Govt. amends Constitution to reflect Christian State
A bill to amend the Constitution to define Samoa as a Christian State was tabled in Parliament yesterday.
The Constitutional Amendment Bill (No. 2) 2016 was presented by Prime Minister Tuilaepa Sa’ilele Malielegaoi when Parliament convened for the last time this year.
The Constitutional amendment in relation to religion is one of two changes announced by Prime Minister Tuilaepa.
The second change proposed was tabled in the Constitutional Amendment Bill (No.1) 2016. The bill seeks to remove the appointment of the Director of Public Prosecutions, returning its powers and duties to the Attorney General.
Both changes were not discussed, as it was the first reading.
According to the Constitutional Amendment Bill (No. 2) 2016’s Explanatory Memorandum, it aims to insert in the Constitution that Samoa is a Christian nation to declare the dominance of Christianity in Samoa.

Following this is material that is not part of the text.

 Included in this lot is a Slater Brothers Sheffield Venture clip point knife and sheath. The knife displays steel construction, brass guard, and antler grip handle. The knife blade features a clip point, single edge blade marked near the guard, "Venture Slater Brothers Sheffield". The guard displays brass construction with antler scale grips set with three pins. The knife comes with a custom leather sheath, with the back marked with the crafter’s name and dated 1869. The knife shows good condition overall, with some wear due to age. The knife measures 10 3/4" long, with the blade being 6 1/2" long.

A pre-sitting briefing held on Monday gave the Members of Parliament the opportunity to ask questions about bills before Parliament reconvened yesterday.
According to the pre-sitting summary on the Legislative Assembly website, Attorney General, Lemalu Hermann Retzlaff explained the Constitutional changes.

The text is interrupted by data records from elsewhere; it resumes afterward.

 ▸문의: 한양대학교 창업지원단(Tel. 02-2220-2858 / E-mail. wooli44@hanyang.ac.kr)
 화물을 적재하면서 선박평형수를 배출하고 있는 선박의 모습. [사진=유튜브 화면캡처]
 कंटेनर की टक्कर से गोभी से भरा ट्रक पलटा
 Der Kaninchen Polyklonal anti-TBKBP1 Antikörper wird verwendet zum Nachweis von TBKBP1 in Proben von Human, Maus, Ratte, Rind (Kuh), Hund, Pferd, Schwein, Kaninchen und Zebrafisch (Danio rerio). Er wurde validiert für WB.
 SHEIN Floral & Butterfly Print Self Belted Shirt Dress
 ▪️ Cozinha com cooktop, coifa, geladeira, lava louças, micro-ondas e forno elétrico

Lemalu told M.Ps it would not affect the human rights protected under Article 11, which permits all citizens to practice their own particular religious beliefs.
Currently, reference to Christianity is in the Preamble but the amendment “will enshrine Christianity from within the body of the Constitution which effectively provides a legal definition of the State’s religion.”
Lemalu said the government is not attempting to control religion among its people but merely attempting to define the State religion.
As for the decision to return the powers of the Director of Public Prosecutor to the A.G, Lemalu also explained to M.Ps at the pre-sitting briefing the amendment would decrease the cost of operating a separate prosecution arm.
In addition, he said the amendment will lessen instances of ‘conflict of interest’ with the Attorney General subsequently overseeing all prosecution cases.
The separation of the A.Gs office and the N.P.O. was recently enacted.
Lemalu stated that as a result of recent events within the N.P.O., Cabinet decided that the previous structure, wherein prosecutions were handled by the Office of A.G. is preferable and also more cost effective.
“One Member commented that the principal act was not defective, but rather the implementation and monitoring processes were at fault for recent events within the NPO, and that in the future, the recruitment process for lawyers should be closely monitored,” stated the Legislative Assembly website.